__TASK REQUIREMENTS__.
The lines to retype run from the one containing "南瓜混合糯米的内芯,无比软糯" through the end of the listing below. Reproduce them exactly, leaving out pictures.

__GIVEN DATA__.
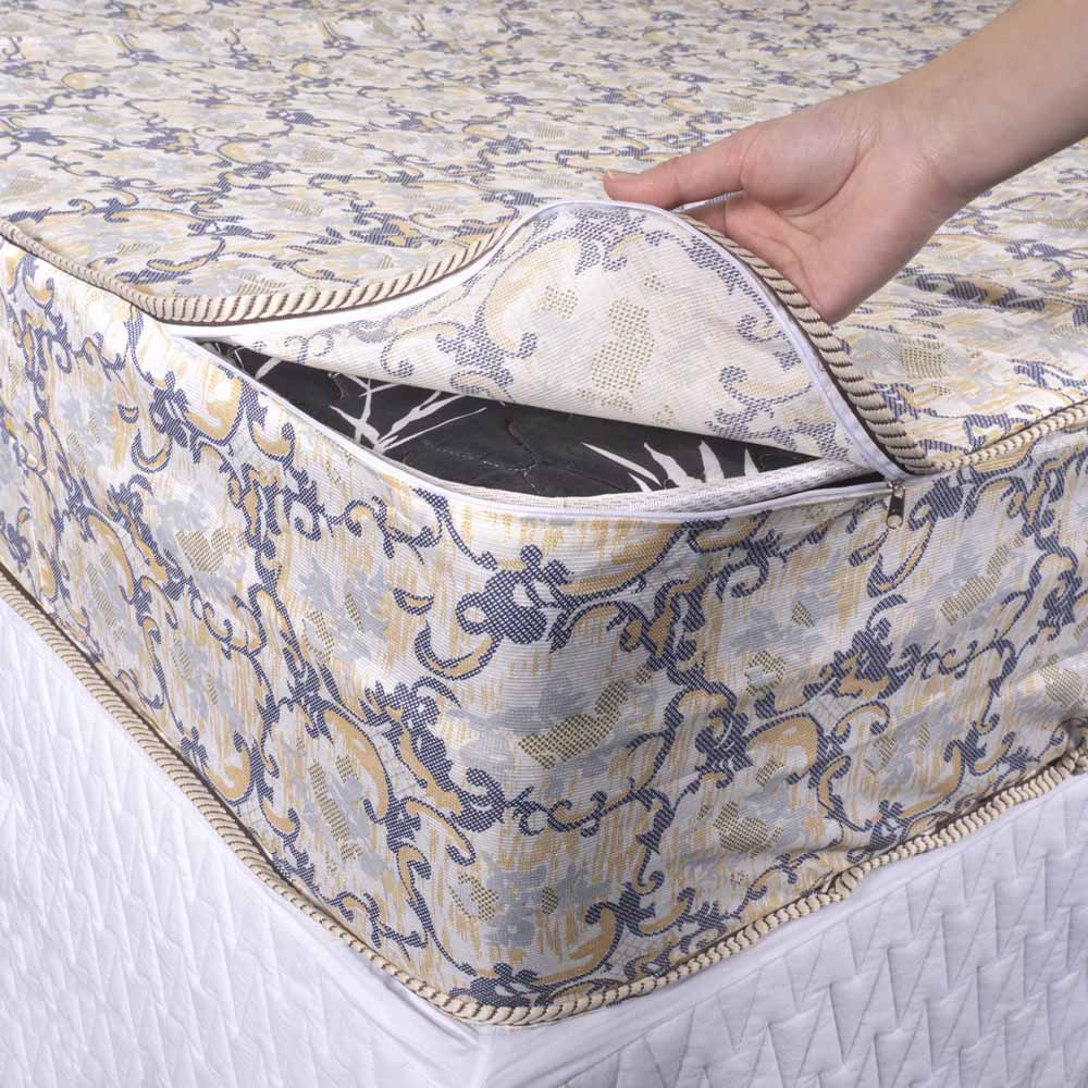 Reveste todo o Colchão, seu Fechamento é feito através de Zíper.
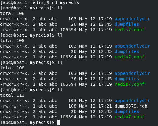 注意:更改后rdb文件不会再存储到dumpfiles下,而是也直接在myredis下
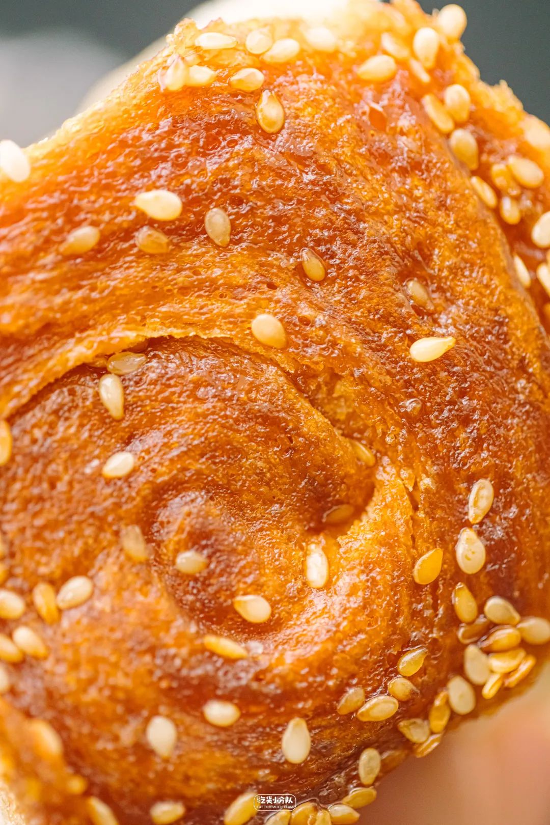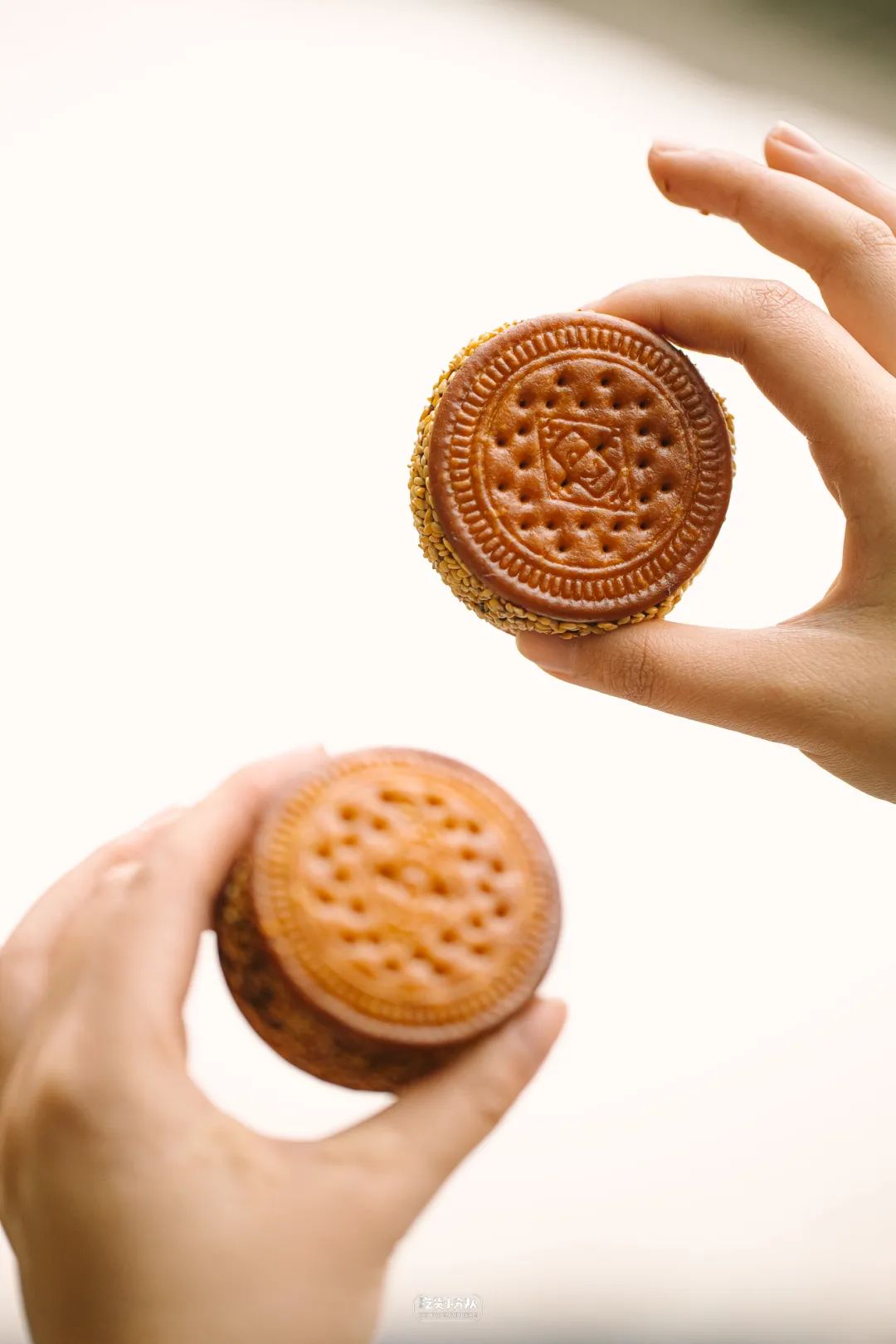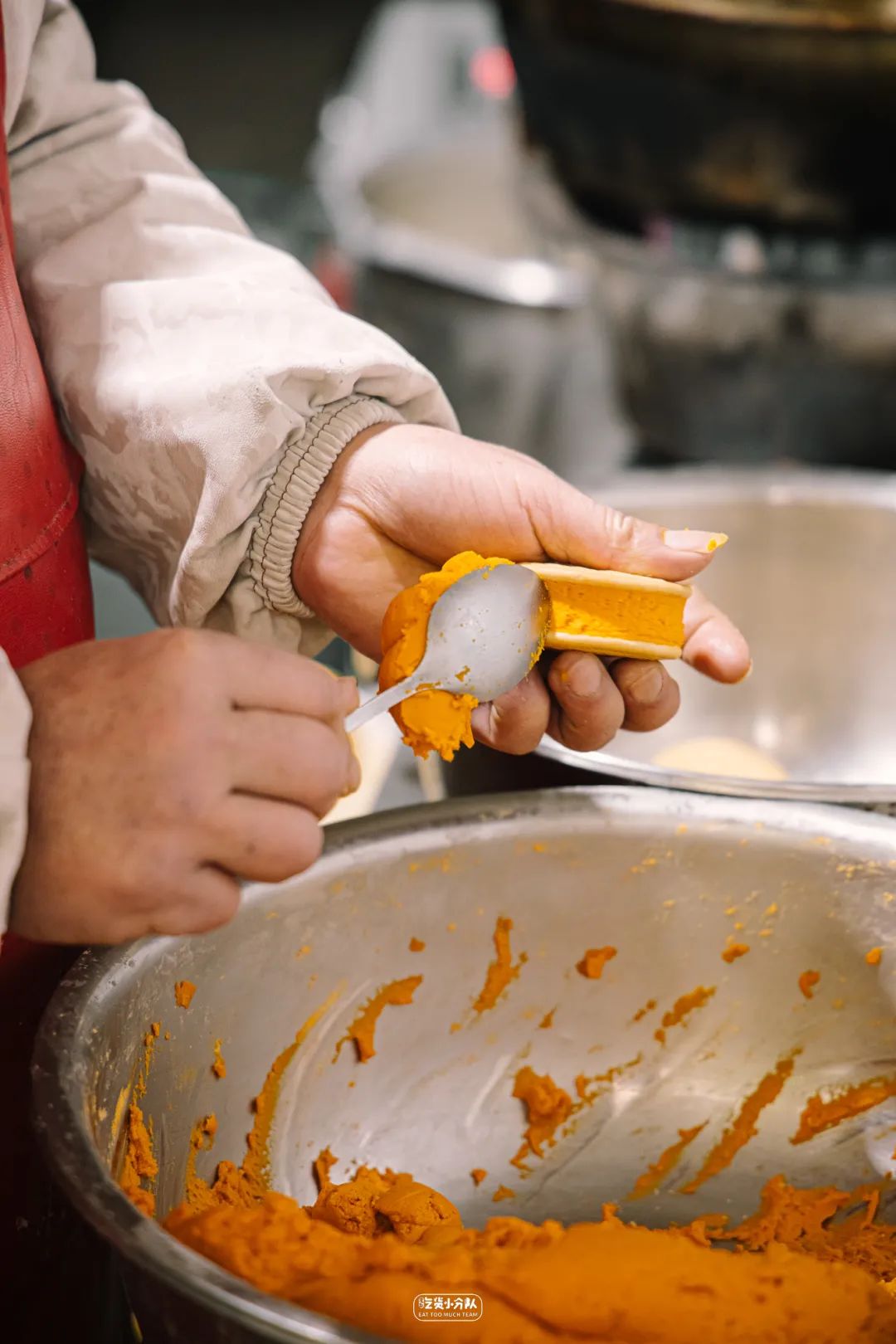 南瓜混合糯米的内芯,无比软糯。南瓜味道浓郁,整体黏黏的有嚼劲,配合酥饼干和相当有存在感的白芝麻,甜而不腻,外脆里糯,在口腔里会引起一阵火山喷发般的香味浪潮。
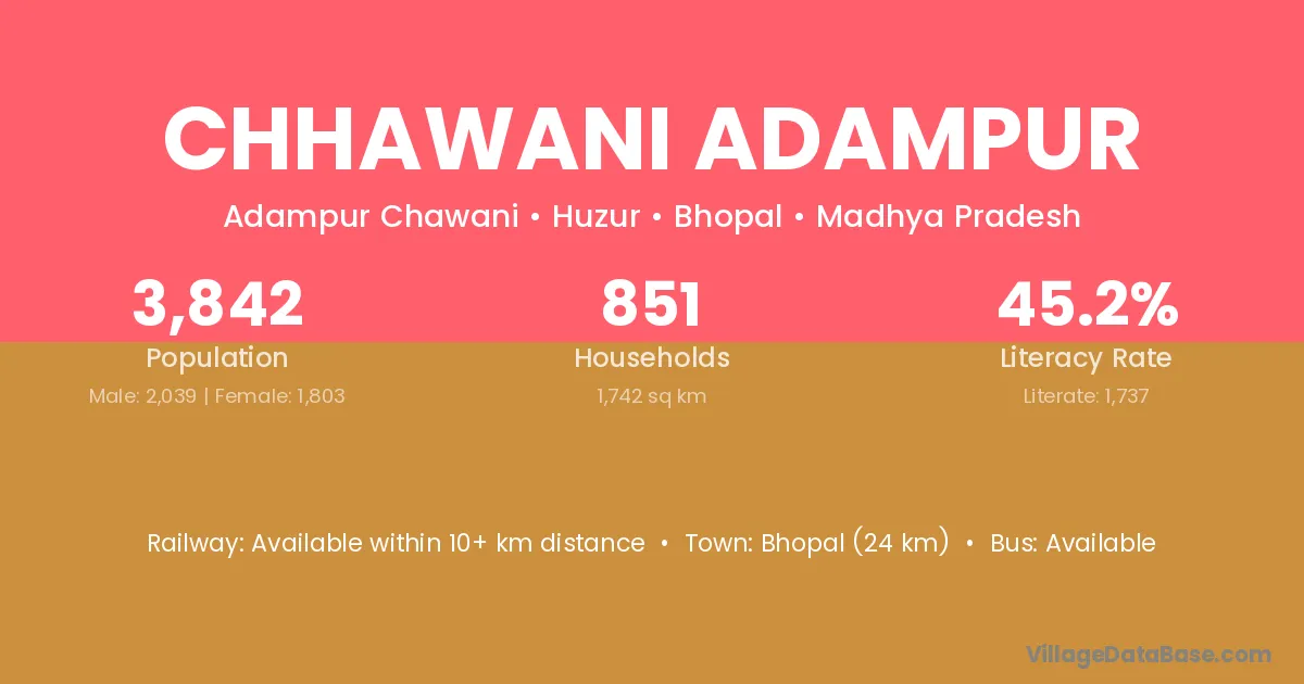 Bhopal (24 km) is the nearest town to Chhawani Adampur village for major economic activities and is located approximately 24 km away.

__SOLVED EXERCISE__.
 南瓜混合糯米的内芯,无比软糯。南瓜味道浓郁,整体黏黏的有嚼劲,配合酥饼干和相当有存在感的白芝麻,甜而不腻,外脆里糯,在口腔里会引起一阵火山喷发般的香味浪潮。
 Bhopal (24 km) is the nearest town to Chhawani Adampur village for major economic activities and is located approximately 24 km away.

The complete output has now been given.